Fungsi dari setiap kegiatan yang selalu berulang, seperti
penghukuman kejahatan, atau upacara penguburan, adalah merupakan bagian yang
dimainkannya dalam kehidupan sosial sebagai keseluruhan dan, karena itu
merupakan sumbangan yang diberikannya bagi pemeliharaan kelangsungan
struktural (Radcliffe-Brown (1976:505).
2.2 Solidaritas Sosial
Konsep
solidaritas sosial merupakan konsep sentral Emile Durkheim (1858-1917) dalam
mengembangkan teori sosiologi.

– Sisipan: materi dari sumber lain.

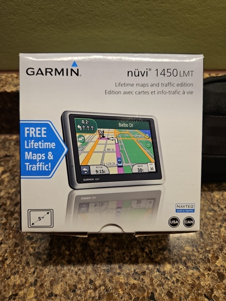 The Garmin Nuvi 1450 LMT GPS is a reliable vehicle navigation system with a 5" touch screen interface for easy use.

Durkheim (dalam Lawang, 1994:181) menyatakan
bahwa solidaritas sosial merupakan suatu keadaan hubungan antara individu dan
atau kelompok yang didasarkan pada perasaan moral dan kepercayaan yang dianut
bersama dan diperkuat oleh pengalaman emosional bersama. Solidaritas menekankan
pada keadaan hubungan antar individu dan kelompok dan mendasari keterikatan
bersama dalam kehidupan dengan didukung nilai-nilai moral dan kepercayaan yang
hidup dalam masyarakat. Wujud nyata dari hubungan bersama akan melahirkan
pengalaman emosional, sehingga memperkuat hubungan antar mereka.
Menurut
Durkheim, berdasarkan hasilnya, solidaritas dapat dibedakan antara solidaritas
positif dan solidaritas negatif. Solidaritas negatif tidak menghasilkan
integrasi apapun, dan dengan demikian tidak memiliki kekhususan, sedangkan
solidaritas positif dapat dibedakan berdasarkan ciri-ciri:
(1)
yang satu mengikat individu pada masyarakat secara langsung, tanpa perantara.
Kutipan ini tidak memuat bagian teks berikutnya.